License: MIT + file LICENSE
Encoding: UTF-8
LazyData: TRUE
Depends: R (≥ 3.2.0)
Imports: ggdendro, ggplot2 (≥ 2.2.0), stats, Rcpp, scales, Matrix, MASS, RColorBrewer, gtable, grDevices, methods, utils, viridis, patchwork
RoxygenNote: 7.2.3
Collate: 'RcppExports.R' 'geom_rect2.R' 'hSet.R' 'hierarchicalSet.R' 'hierarchicalSets-package.R' 'twitter.R' 'visuals.R'
LinkingTo: Rcpp
NeedsCompilation: yes
Packaged: 2023-04-24 09:38:29 UTC; thomas
Repository: CRAN
Date/Publication: 2023-04-24 12:50:02 UTC

Getters for HierarchicalSet objects

Description

These utility functions makes it easy to extract raw information from a HierarchicalSet object.

Usage

sets(x)

clusters(x)

set_names(x)

element_names(x)

n_sets(x)

n_elements(x)

n_clusters(x)

cluster_sizes(x)

set_sizes(x)

cluster_members(x)

set_membership(x)

Arguments

x

A HierarchicalSet object

Details

sets Returns a ngCMatrix with sets as columns and elements as rows.

clusters returns a list of dendrograms with the clustering in the HierarchicalSet object

set_names returns a character vector with the names of the sets.

element_names returns a character vector with the names of the elements

n_sets returns the number of sets

n_elements returns the number of elements

n_clusters returns the number of independent set families

cluster_sizes returns the number of sets in each independent set family

set_sizes returns the number of elements in each set

cluster_members returns the members of each independent set family

set_membership returns the cluster each set is member of

Value

depending on the function. See details

Examples

data('twitter')

twitSet <- create_hierarchy(twitter)

# Get the sets as a presence/absence matrix
head(sets(twitSet))

# Get the clustering of the HierarchicalSet object
clusters(twitSet)

# Get the set names
set_names(twitSet)

# Get the element names or NULL if they are unnamed
element_names(twitSet)

# Get the number of sets
n_sets(twitSet)

# Get the number of elements
n_elements(twitSet)

# Get the number of independent clusters
n_clusters(twitSet)

# Get the size of each independent clusters
cluster_sizes(twitSet)

# Get the size of each set
set_sizes(twitSet)

# Get the members of each independent clusters
cluster_members(twitSet)

# Get the membership of each set
set_membership(twitSet)


Create and store hierarchcical sets

Description

HierarchicalSet object can be created using the hSet() constructor.
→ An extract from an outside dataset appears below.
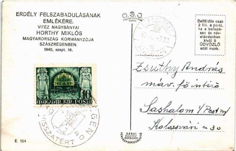 Description: 1940 Szászrégen, Sächsisch-Regen, Reghin; bevonulás, Vitéz Nagybányai Horthy Miklós Magyarország kormányzója és Purgly Magdolna / entry of the Hungarian troops, Regent Horthy and his wife + "1940 Szászrégen visszatért" So. Stpl. (fl)

The resulting object will contain both the underlying sets as well as the resulting clustering.

Usage

create_hierarchy(sets, intersectLimit = 1)

## S3 method for class 'HierarchicalSet'
print(x, ...)

## S3 method for class 'HierarchicalSet'
x[[i]]

## S3 method for class 'HierarchicalSet'
x[i]

## S3 method for class 'HierarchicalSet'
sets(x)

## S3 method for class 'HierarchicalSet'
clusters(x)

## S3 method for class 'HierarchicalSet'
set_names(x)

## S3 method for class 'HierarchicalSet'
element_names(x)

## S3 method for class 'HierarchicalSet'
n_sets(x)

## S3 method for class 'HierarchicalSet'
length(x)

## S3 method for class 'HierarchicalSet'
n_elements(x)

## S3 method for class 'HierarchicalSet'
n_clusters(x)

## S3 method for class 'HierarchicalSet'
cluster_sizes(x)

## S3 method for class 'HierarchicalSet'
set_sizes(x)

## S3 method for class 'HierarchicalSet'
cluster_members(x)

## S3 method for class 'HierarchicalSet'
set_membership(x)

Arguments

sets

The sets to analyse. Can either be a matrix/data.frame giving the presence/absence pattern of elements, with elements as rows and sets as columns, or a list of vectors giving the elements of the individual sets.

intersectLimit

The proportion of sets an element must be present in to be considered part of the intersect. Standard intersects require it to be present in all sets (intersectLimit = 1), which is also the default

x

A HierarchicalSet object

...

Currently ignored

i

The index of the dendrogram

Details

The HierarchicalSet class contains both the clustering and the original sets. The former is stored in a list of dendrogram objects in and the latter as a presence/absence matrix. Both are retrivable using ⁠$clusters⁠ and ⁠$sets⁠ respectively. Furthermore individual dendrograms can be extracted directly using the [[ operator. If multiple independent clusters exists the object can be subsetted using the [ operator.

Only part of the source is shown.